Entrevista al Padre Miljenko Steko , Provincial de la Provincia Franciscana de Herzegovina para la revista “Aiutiamoli” de la Asociación Mir i Dobro, publicada con motivo del 40 aniversario de las apariciones de la Reina de la Paz en Medjugorje.


Primera pregunta:

Don Miljenko, a nuestros peregrinos para enmarcar la realidad de Medjugorje, les decimos que si el cristianismo ha llegado a nuestros días es mérito indiscutible de los franciscanos. Sus hermanos se enfrentaron con valentía a los musulmanes y, más tarde, a un despiadado régimen comunista. ¿Cuál es el papel de los franciscanos de Bosnia y Herzegovina en un mundo tan secularizado?

El padre Miljenko responde:

Según las fuentes, los franciscanos han estado presentes aquí desde 1290/91, por lo tanto, durante más de siete siglos. Hemos compartido todo lo bueno y lo malo con nuestra gente. Durante más de tres siglos no ha habido aquí iglesias, ni capillas, ni campanas, ni liturgias normales. Todo estaba literalmente «como en las catacumbas», separado del resto de la sociedad. Los franciscanos escribieron gramáticas, catecismos y libros de oraciones y fueron portadores de cultura y civilización. Después de muchos siglos, a partir de 1941 la revolución de Jospi Broz “Tito” sofocó la vida religiosa en la naciente Yugoslavia socialista. Se confiscaron muchos edificios religiosos. No se puede dejar de recordar que, precisamente durante la Segunda Guerra Mundial y después de la guerra, los partisanos de Tito mataron a nuestro Provincial ya otros sesenta y cinco cohermanos sin juicio. Durante el régimen comunista los franciscanos, junto con toda la Iglesia local y los fieles, sufrieron una brutal represión. Después de la guerra, mis hermanos sobrevivientes fueron condenados a más de trescientos años de prisión luego de juicios simulados y permanecieron en prisión por un total de aproximadamente doscientos años. Los comunistas también destruyeron nuestro aparato de formación escolar. Hasta el día de hoy, nuestros seminaristas y estudiantes de teología asisten a escuelas y facultades fuera de la provincia.
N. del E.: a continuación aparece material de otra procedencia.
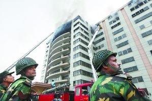 | 12月14日,消防员在孟加拉国萨瓦尔镇灭火。新华社发 |

Como frailes vivíamos en simbiosis con nuestro pueblo y la fe vivida en condiciones tan difíciles creó una sinergia entre nosotros y los fieles. Hemos compartido plenamente el destino de la gente. Los croatas son una de las tres poblaciones constituyentes de Bosnia y Herzegovina y, como católicos, son la denominación religiosa más antigua que se ha asentado en este territorio. Los ortodoxos llegaron y se establecieron aquí junto con la ocupación otomana y el credo islámico. Hoy, después de los sangrientos conflictos de los años noventa, la brecha entre las distintas confesiones es muy evidente. Las condiciones sociales también son un problema en gran parte sin resolver. La guerra ha marcado profundamente la realidad social local: muchos se han empobrecido y decenas de miles de personas se han visto obligadas a emigrar del país. Todos estamos tratando de curar estas heridas. Quizás el hecho de que Bosnia y Herzegovina sea un enigma irresoluble para la comunidad internacional también lo aclare todo.
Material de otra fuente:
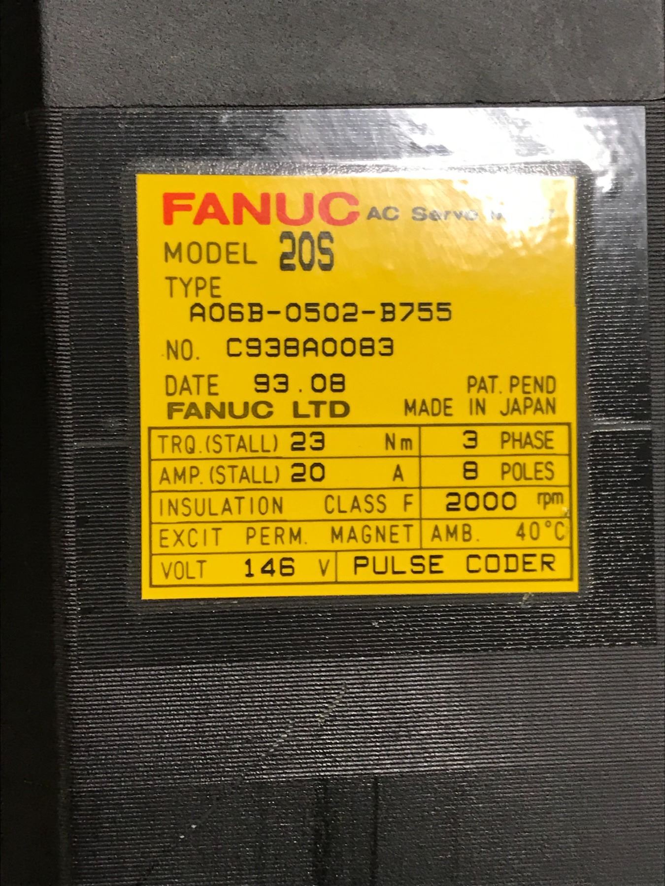 Fanuc #A06B-0502-B755 AC Servo Motor

En esta compleja situación, encontramos la manera de vivir nuestro ser franciscanos y disfrutar de la vida. Además de las pastorales, también realizamos importantes actividades caritativas. En este mundo secularizado crece también la fluidez y la solidaridad entre nuestras provincias, así como las oportunidades de encuentro. Además, gracias a los medios de comunicación actuales e Internet, las comunicaciones entre cohermanos se han multiplicado. Solo tenemos que abrirnos los unos a los otros con mayor confianza fraterna y vivir la belleza de nuestro carisma franciscano de una manera nueva. En Herzegovina, sobre todo, percibimos la bendición de Dios en particular en las numerosas vocaciones que han surgido incluso en estos tiempos difíciles.


Segunda pregunta:

Podemos decir que durante la guerra de Bosnia del 91 surgieron muchas asociaciones, entre ellas Mir i Dobro, para llevar ayuda humanitaria especialmente en el espíritu de caridad promovido por la Reina de la Paz. Ustedes los franciscanos han instituido «El pan de San Antonio». ¿Cómo lidiaste con la emergencia de refugiados que vimos vagando por el bosque en la nieve?
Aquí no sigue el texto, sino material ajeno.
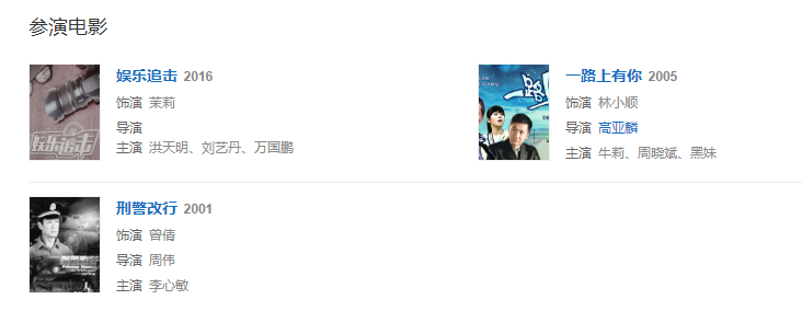 2005年,參演高亞麟執(zhí)導的喜劇電影《一路上有你》,從而開始演藝事業(yè)。

El padre Miljenko responde

El «pan de San Antonio» en Bosnia y Herzegovina no es una asociación, sino una antigua institución franciscana. Nuestra filosofía de vida siempre ha sido «pensar en pequeño» para que suceda algo grande. Porque la historia nos ha enseñado que cada realización es el resultado de una serie de pequeños pasos, que hay que hacer con mucho amor y mucha fe. Volviendo a los tiempos de la guerra en Yugoslavia, en ese momento aproximadamente la mitad de los doscientos hermanos con votos perpetuos trabajaban fuera de Herzegovina. En esas difíciles condiciones creamos una sinergia en el ámbito humanitario y benéfico con otros sujetos activos en este sector, colaborando con muchas asociaciones, entre ellas tu Mir i Dobro.


Tercera pregunta:

Durante nuestras peregrinaciones a Medjugorje, nos dimos cuenta de que muy pocos peregrinos son conscientes de un hecho histórico que continúa incluso hoy. Nos gustaría abordar un antiguo problema con usted: la cuestión entre los religiosos franciscanos y el clero secular. ¿Quién mejor que ella podría contárnoslo? ¿Cómo está la situación y qué perspectivas están surgiendo?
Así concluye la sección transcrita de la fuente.